3 そうであれば、審決のいうように、該規定をもつて当業者において適宜なし得る通常の選択の範囲内のものにすぎないということはできないから、引用例(1)、(2)の他に何ら引用例も引くことなく、連続法による相違点(1)に係る本願発明の構成が想到容易であるとした審決の判断は誤りといわざるを得ないし、連続法による本願発明の実施例の収率と分離法による本願発明の参考例の収率との間に格別の差異がないことを理由とするものと解される本願発明の作用効果に関する審決の判断もまた誤りというほかない。
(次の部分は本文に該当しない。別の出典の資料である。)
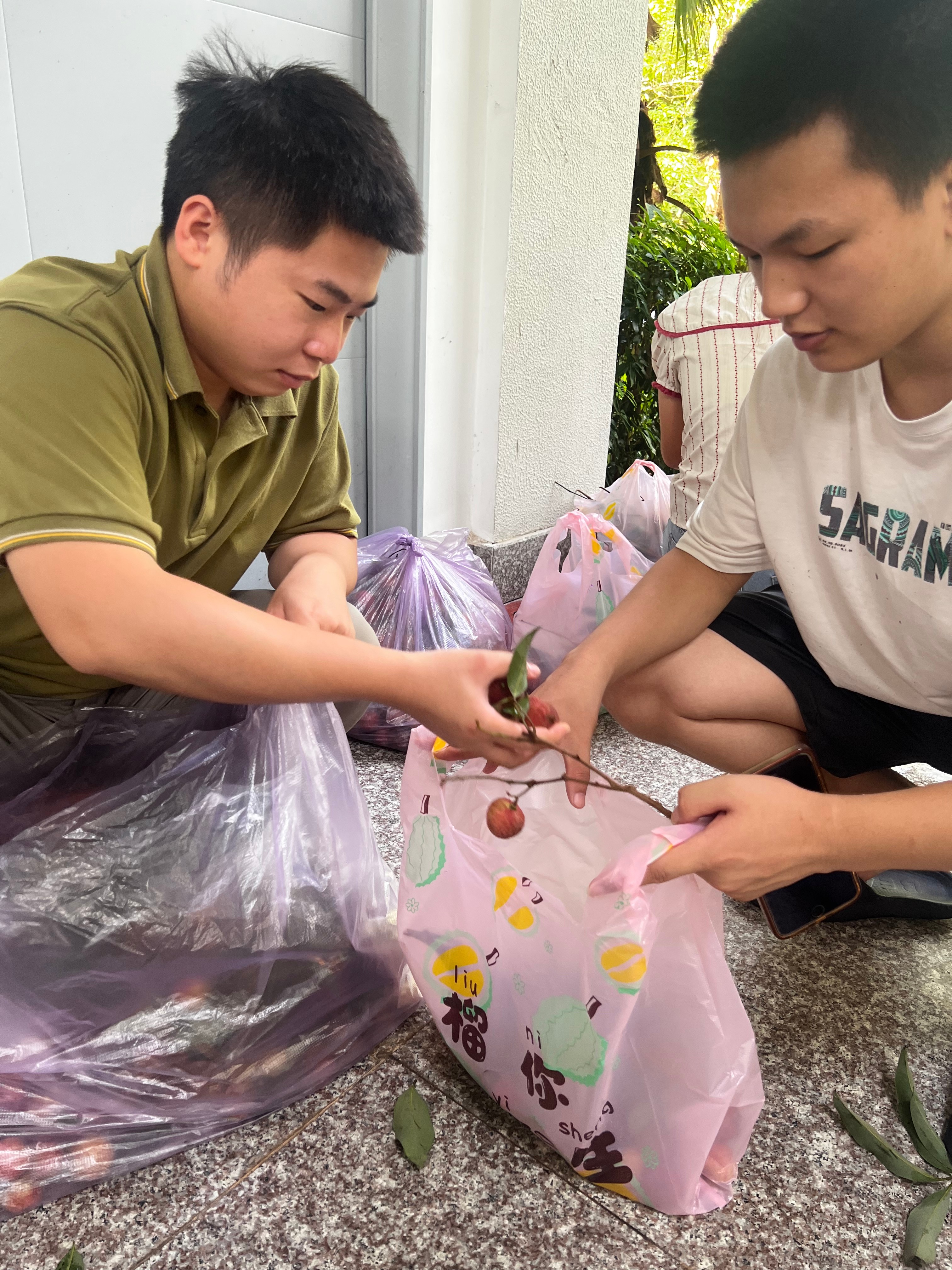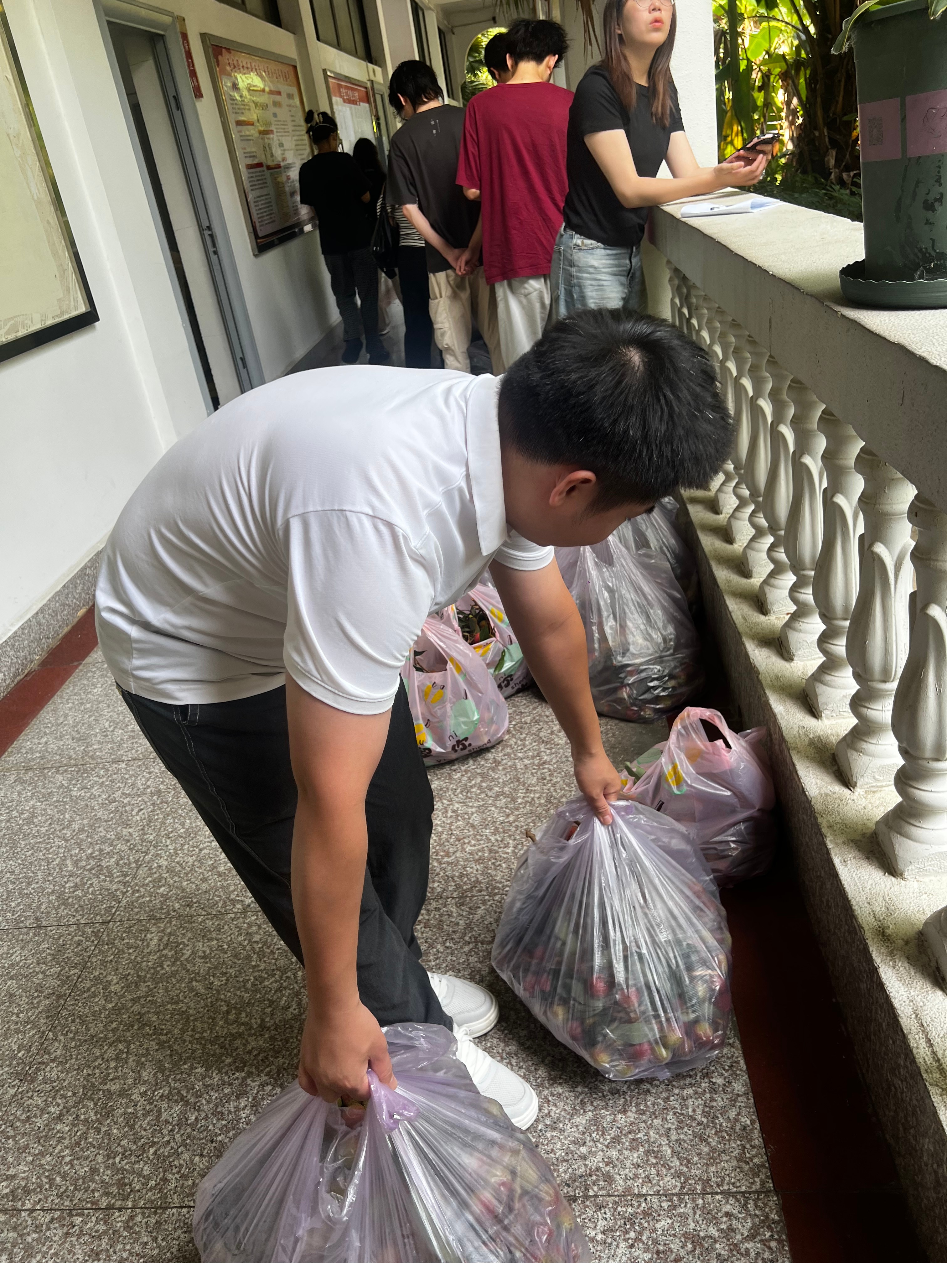 确保同学们能品尝到最新鲜的荔枝美味,学校相关部门提前谋划,多方比选,严格把控荔枝品质。从产地的优选运输的保障,到接收、分装、发放各环节的无缝衔接,无不体现着学校的用心与细致。发放现场,书法学院全体学工教师共同协作,设立高效便捷的领取点方便同学们签领。一袋袋红艳饱满、带着绿叶清香的荔枝被迅速、有序地分发到同学们手中。现场气氛热烈而温馨,同学们脸上洋溢着惊喜的笑容,迫不及待地分享着这份来自学校的“夏日限定”甜蜜。

4 被告は、本願発明が特定する工程Aの反応条件技術常識からも容易に想到し得るものであるとしてある主張しているけれども、前掲甲第八号証によれば、連続法による場合の収率低下は、単離精製を経ないために残存した工程Aにおける副生成物が工程Bの目的生成物(テトラキスメタン)の収率等に影響を及ぼすためであることが窺われるのみならず、該副生成物の工程Aにおける発生の程度や工程Bにおける挙動及び影響度も、工程A及び工程Bの反応条件、反応試薬等により複雑に影響されるものであることが窺われることに加えて、前記本願発明の要旨から明らかなように本願発明の規定が、反応試薬のモル比において一・〇二ないし一・〇四で、かつ反応温度において八〇ないし九五℃という比較的狭い範囲の規定であることを考慮すれば、被告主張のような一般論のみでは、工程Aの反応条件に係る本願発明の構成に到達し得るものでないといわざるを得ないから、この点に関する被告の主張は採用できない。また、本願発明の収率に関して被告が主張するところも、本願発明の収率が分離法よりも優れていないことを指摘しているにとどまる点で、既に採用の限りでない。
5 そうであれば、審決の判断は原告主張の点で誤りであるというべきであり、右の誤りが審決の結論に影響を及ぼすことは明らかであるから、審決は違法として取り消されるべきである。
三 よつて、原告の本訴請求の認容し、訴訟費用の負担につき行政事件訴訟法第七条、民事訴訟法八九条を適用して、主文のとおり判決する。